176 invocaBiliTé Des accorDs inTernaTionaux

bruylant

le contentieux de la légalité. De sorte qu’elle ne pourra en revanche que décevoir ceux qui, comme l’avocat général Jääskinen, considèrent que, dans une Union de droit constitutionnellement ouverte au droit international (93), le respect de la primauté du droit conventionnel doit être pleinement garanti dans le cadre du contrôle de la légalité des actes de l’Union. Les accords internationaux, dotés ou non de l’effet direct, priment les règles de droit de l’Union européenne de rangs législatif et infra-législatif. Or, la violation par les institutions de l’Union des règles conventionnelles dépourvues d’effet direct reste à l’abri de toute sanction juridictionnelle à la suite des arrêts Stichting Natuur et Vereniging Milieudefensie. Par conséquent, un angle mort demeure dans l’Union de droit, dans la mesure où elle situe certains éléments de la légalité de ces ordres juridiques — les règles convention-nelles dépourvues d’effet direct — hors du champ des actes juridiques dont la violation par les autorités publiques est susceptible d’engendrer un jugement d’invalidité (94). Ainsi naît une nouvelle forme de dualisme. Dans celle-ci, la production d’effets juridiques par les règles internationales dans l’ordre juridique interne n’est plus décidée par l’édiction d’une loi par le Parlement, mais par la dévolution de l’effet direct par le juge. Autrement dit, le rôle attribué aux juges dans un ordre juridique dit moniste apparaît équivalent à celui confié au Parlement dans les États dualistes. Se pour-rait-il qu’au motif d’empêcher l’émergence d’une forme de gouvernement des juges, dans laquelle l’interprétation juridictionnelle des stipulations conventionnelles imprécises serait susceptible de provoquer l’invalidation de certains actes législatifs et administratifs, la Cour de justice ait pérennisé l’existence d’une autre de ses formes, dans laquelle elle s’attribue le pouvoir de désengager l’Union de ses obligations conventionnelles ?

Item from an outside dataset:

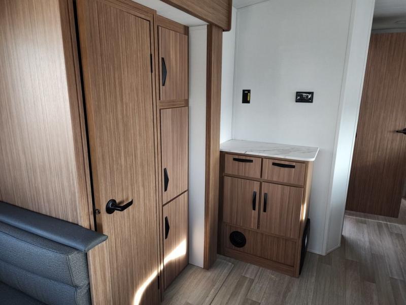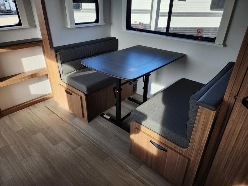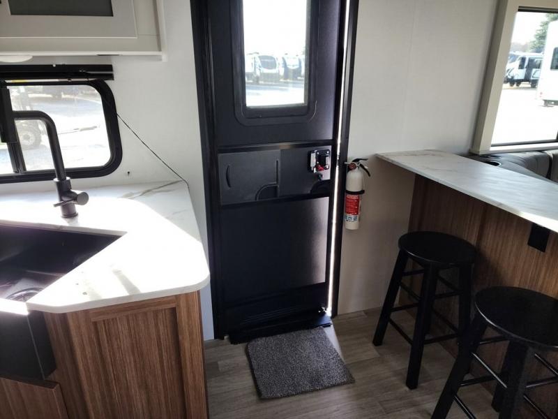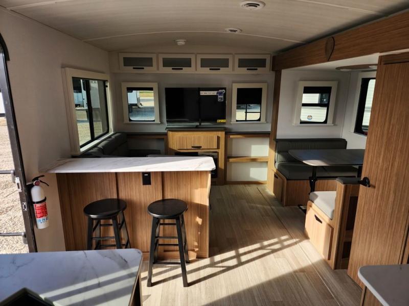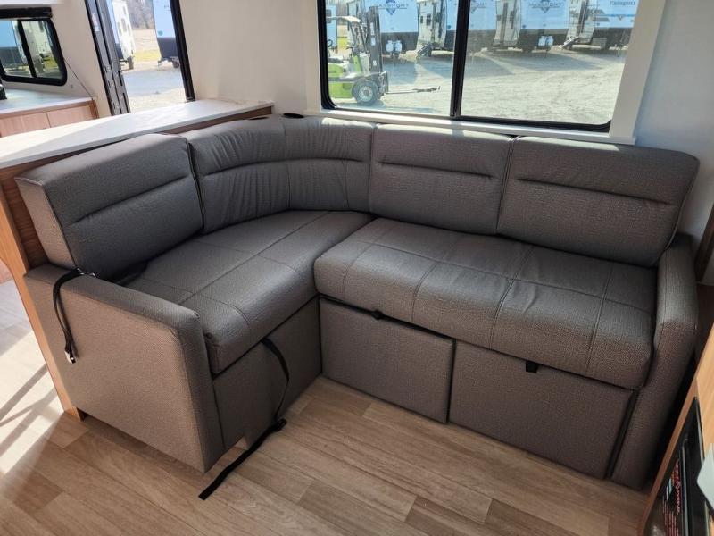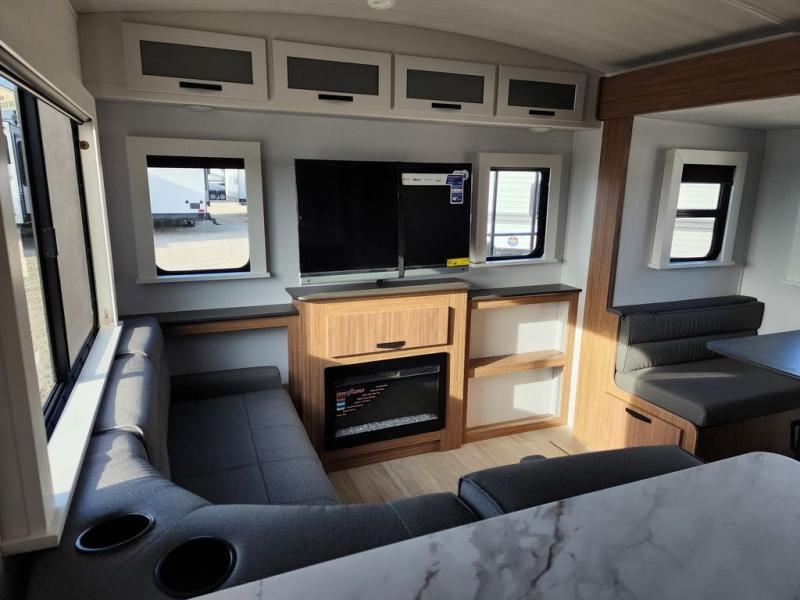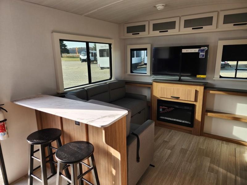Step right into this rear living travel trailer for fun trips at the lake! There is an L-shaped sectional sofa in the back, along with an entertainment center and a fireplace to enjoy cozy evenings indoors. The booth dinette will provide a place to dine, play games, and even let a guest or two littles ones sleep. This unit also includes a spacious pantry and a coffee station where you can set up your own Keurig machine. A full kitchen will let you prepare meals each day, and the mid-coach full bath will be easily accessible for everyone to use. You will also love the front private bedroom with its queen bed, plus dual wardrobes and dual nightstands so everything has its own place!

(93) L’Union européenne a signifié dans sa norme fondamentale son adhésion aux principes de l’État ouvert au droit international. L’offener Staat favorise le développement des normes internationales (premier principe) et la production par le droit international d’effets juridiques dans l’ordre interne (second principe) (voy. R. Wahl, « Der offener Staat und seine Rechtsgrundlagen », Juristische Schulung, décembre 2003, vol. 12, pp. 1145-1151 ; E. laGranGe, « L’efficacité des normes internationales concernant la situa-tion des personnes privées dans les ordres juridiques internes », op. cit., p. 298). L’adhésion de l’Union européenne au premier principe de l’État ouvert est explicite aux termes de l’article 3, paragraphe 5, du Traité sur l’Union européenne (« Dans ses relations avec le reste du monde, l’Union affirme et promeut ses valeurs et ses intérêts et contribue à la protection de ses citoyens. Elle contribue […] au strict respect et au développement du droit international, notamment au respect des principes de la charte des Nations unies »). L’article 216, paragraphe 2, du TFUE promeut quant à lui le respect du second principe (« Les accords conclus par l’Union lient les institutions de l’Union et les États membres »).

(94) L’invalidité est ici entendue lato sensu puisque la violation d’un accord interna-tional n’emporte que l’inapplicabilité de la règle conventionnelle.